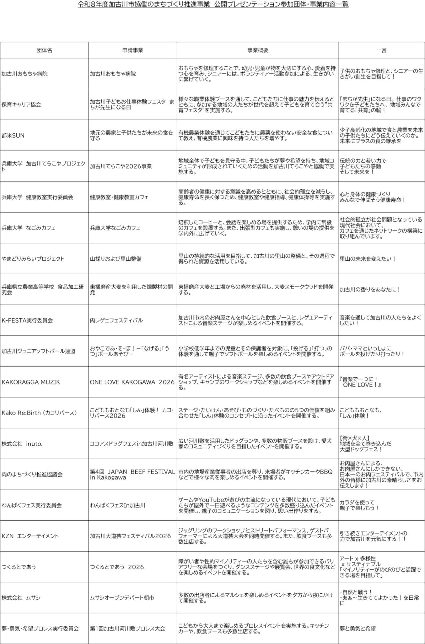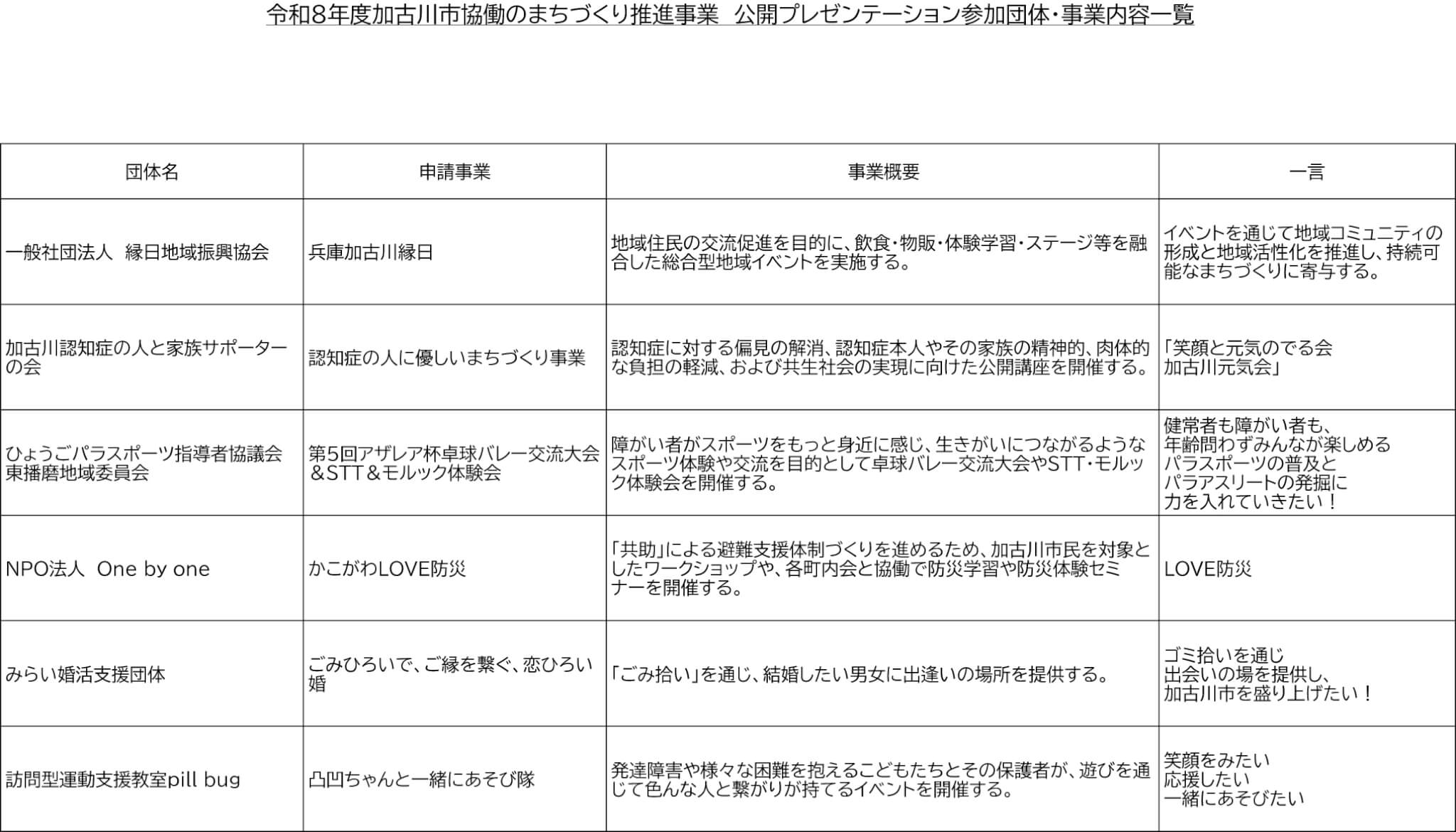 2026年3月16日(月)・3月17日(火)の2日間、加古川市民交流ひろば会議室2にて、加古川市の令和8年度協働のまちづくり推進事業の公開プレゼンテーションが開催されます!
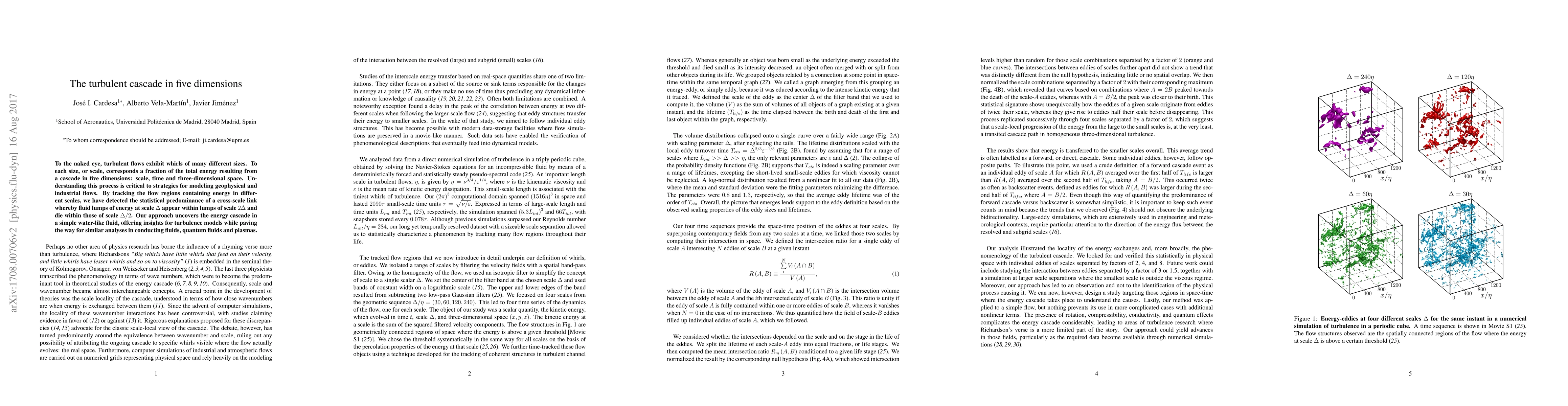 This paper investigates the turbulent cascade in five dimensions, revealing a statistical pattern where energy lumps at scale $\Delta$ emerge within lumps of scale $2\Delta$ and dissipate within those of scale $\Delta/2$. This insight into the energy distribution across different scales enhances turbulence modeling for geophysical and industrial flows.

● ● ● ● ● ● ●

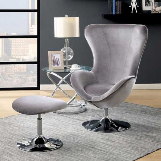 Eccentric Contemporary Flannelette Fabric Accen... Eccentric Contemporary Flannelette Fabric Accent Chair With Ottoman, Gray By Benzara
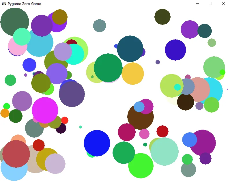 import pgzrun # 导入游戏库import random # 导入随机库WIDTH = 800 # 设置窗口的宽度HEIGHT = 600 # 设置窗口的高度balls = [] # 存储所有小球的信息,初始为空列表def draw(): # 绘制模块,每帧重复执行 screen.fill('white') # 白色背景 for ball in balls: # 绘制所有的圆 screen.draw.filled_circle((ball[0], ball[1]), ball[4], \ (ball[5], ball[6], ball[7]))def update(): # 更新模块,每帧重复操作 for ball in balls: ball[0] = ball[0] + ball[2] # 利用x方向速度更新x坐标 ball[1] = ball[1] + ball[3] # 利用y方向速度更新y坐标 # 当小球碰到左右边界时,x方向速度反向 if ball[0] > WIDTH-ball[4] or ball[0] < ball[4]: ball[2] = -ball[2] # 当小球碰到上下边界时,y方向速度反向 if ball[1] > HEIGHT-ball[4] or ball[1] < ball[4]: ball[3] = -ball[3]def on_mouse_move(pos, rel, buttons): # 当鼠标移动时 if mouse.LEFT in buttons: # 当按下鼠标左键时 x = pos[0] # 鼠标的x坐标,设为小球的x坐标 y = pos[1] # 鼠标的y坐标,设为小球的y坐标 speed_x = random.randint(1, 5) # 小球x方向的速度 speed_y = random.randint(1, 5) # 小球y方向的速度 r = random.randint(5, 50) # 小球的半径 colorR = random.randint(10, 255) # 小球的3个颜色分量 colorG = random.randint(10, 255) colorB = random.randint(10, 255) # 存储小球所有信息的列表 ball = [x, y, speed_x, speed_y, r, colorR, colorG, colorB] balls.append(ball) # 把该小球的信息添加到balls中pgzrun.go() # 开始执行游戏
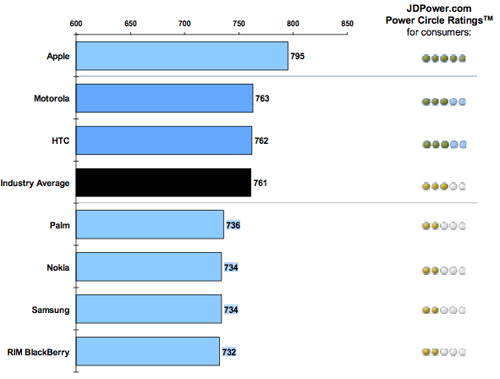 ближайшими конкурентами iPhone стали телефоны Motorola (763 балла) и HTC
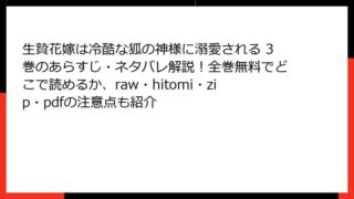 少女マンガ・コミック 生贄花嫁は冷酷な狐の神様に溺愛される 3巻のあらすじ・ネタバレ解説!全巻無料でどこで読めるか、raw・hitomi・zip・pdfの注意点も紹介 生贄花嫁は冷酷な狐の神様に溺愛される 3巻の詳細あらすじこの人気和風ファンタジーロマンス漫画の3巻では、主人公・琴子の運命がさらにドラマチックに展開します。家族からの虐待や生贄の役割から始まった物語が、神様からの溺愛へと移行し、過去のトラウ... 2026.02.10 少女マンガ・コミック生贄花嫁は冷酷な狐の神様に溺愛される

● ● ● ● ● ● ●

Exercise objective: Reproduce exactly the lines of the data above that run from the line with "2026年3月16日(月)・" down to the line with "This paper investigates", both ends included. Pictures do not belong in the copy.

Task output:
 2026年3月16日(月)・3月17日(火)の2日間、加古川市民交流ひろば会議室2にて、加古川市の令和8年度協働のまちづくり推進事業の公開プレゼンテーションが開催されます!
 This paper investigates the turbulent cascade in five dimensions, revealing a statistical pattern where energy lumps at scale $\Delta$ emerge within lumps of scale $2\Delta$ and dissipate within those of scale $\Delta/2$. This insight into the energy distribution across different scales enhances turbulence modeling for geophysical and industrial flows.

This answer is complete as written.